Pour Patrick Houssel directeur du groupe hospitalier dont dépend l'hôpital Port-Royal, il est difficile d’évacuer la responsabilité de l’établissement. « Nous ne pouvons pas dire autre chose. Il y a eu des disfonctionnements. C’est ce qui nous interpelle. Pourquoi cette femme a-t-elle été renvoyée chez elle ? Pourquoi n’a-t-elle pas été transférée dans une autre maternité. Nous voulons vérifier qu’il n’y avait pas de lit disponible à Port-Royal qui en dispose de 145. Nous voulons vraiment nous assurer qu’il n’y avait aucun lit pour cette femme. L’enchainement des circonstances rend cet évènement terrible ».

« On ne peut pas gérer un hôpital comme une entreprise »

« Ce n’est pas le premier accident depuis que cette maternité est ouverte », constate Christophe Prudhomme, porte-parole de l'Association des médecins urgentistes (AMUF) et médecin au Samu de Seine-Saint-Denis.
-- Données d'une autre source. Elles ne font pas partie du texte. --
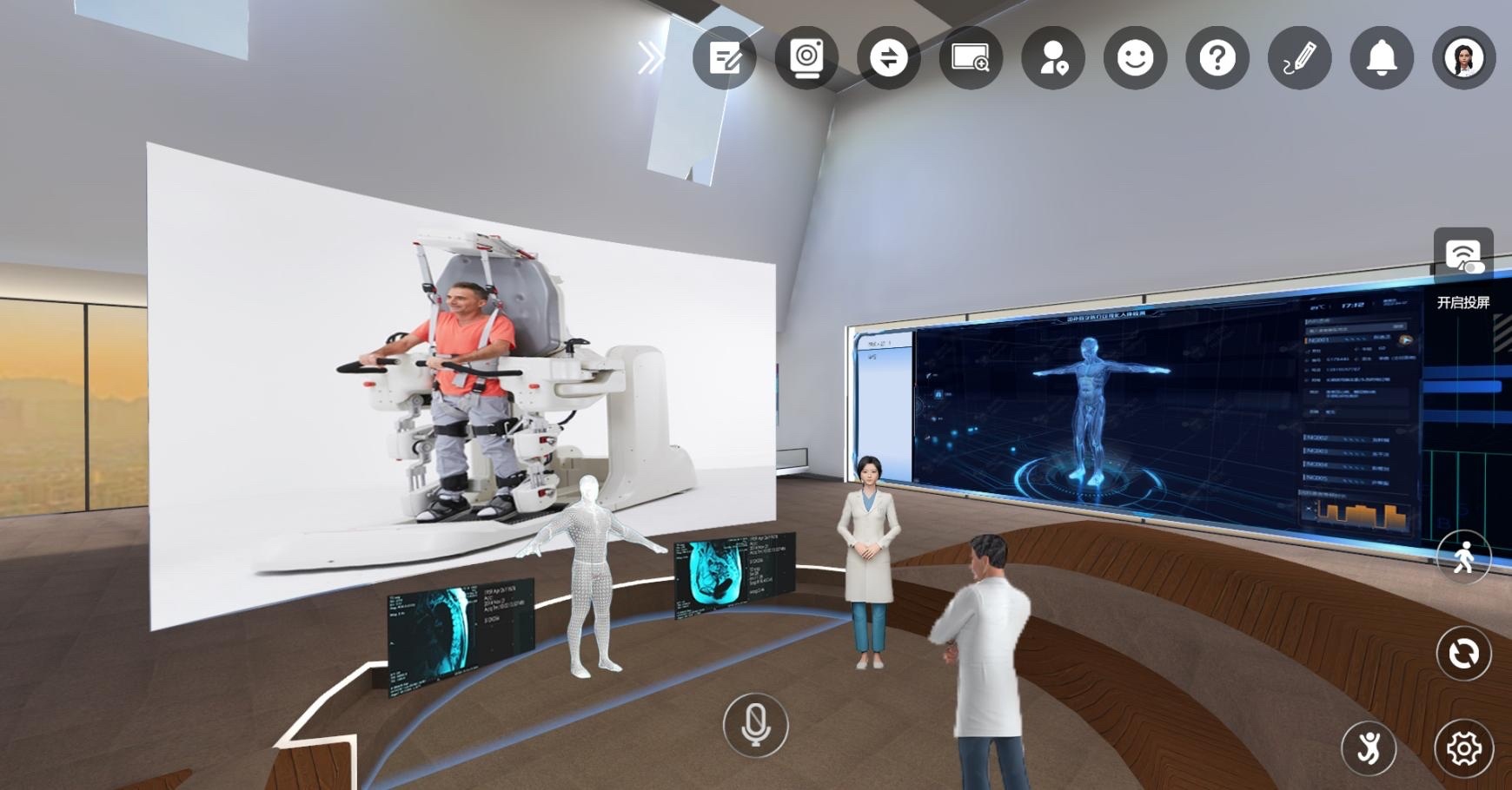 “就像推開一扇通往平行世界的門,這種‘在場感’是傳統(tǒng)遠程協(xié)作難以企及的。”維賽客首席運營官徐晨翔邊演示邊解釋道。他調(diào)出了VS·work中的“智聯(lián)康復元診療平臺”——這是維賽客在醫(yī)療元宇宙領域的創(chuàng)新應用,集成了病情診療、康復訓練、社交培訓等功能。在虛擬界面中,醫(yī)生可以通過高精度空間定位系統(tǒng)“走進”患者的虛擬診療室,患者則通過可穿戴設備完成肌力評估、平衡訓練等動作,數(shù)據(jù)實時反饋至醫(yī)生終端,為偏遠地區(qū)的患者提供了更加便捷、高效的診療服務。

Pour lui, ce dysfonctionnement était prévisible : « Il y a quelques mois une femme avait accouché seule dans son box, tout le personnel étant occupé ailleurs, et le bébé était tombé par terre. Heureusement cela s’était bien terminé et le bébé n’avait pas eu de traumatisme. Là, le dysfonctionnement était prévisible. On ne peut pas gérer un hôpital comme une entreprise. Un hôpital, comme Cochin – Port-Royal, une maternité qui fait 5 000 accouchement et où il est prévu de passer à 7 000, c’est ingérable et il y aura des accidents ».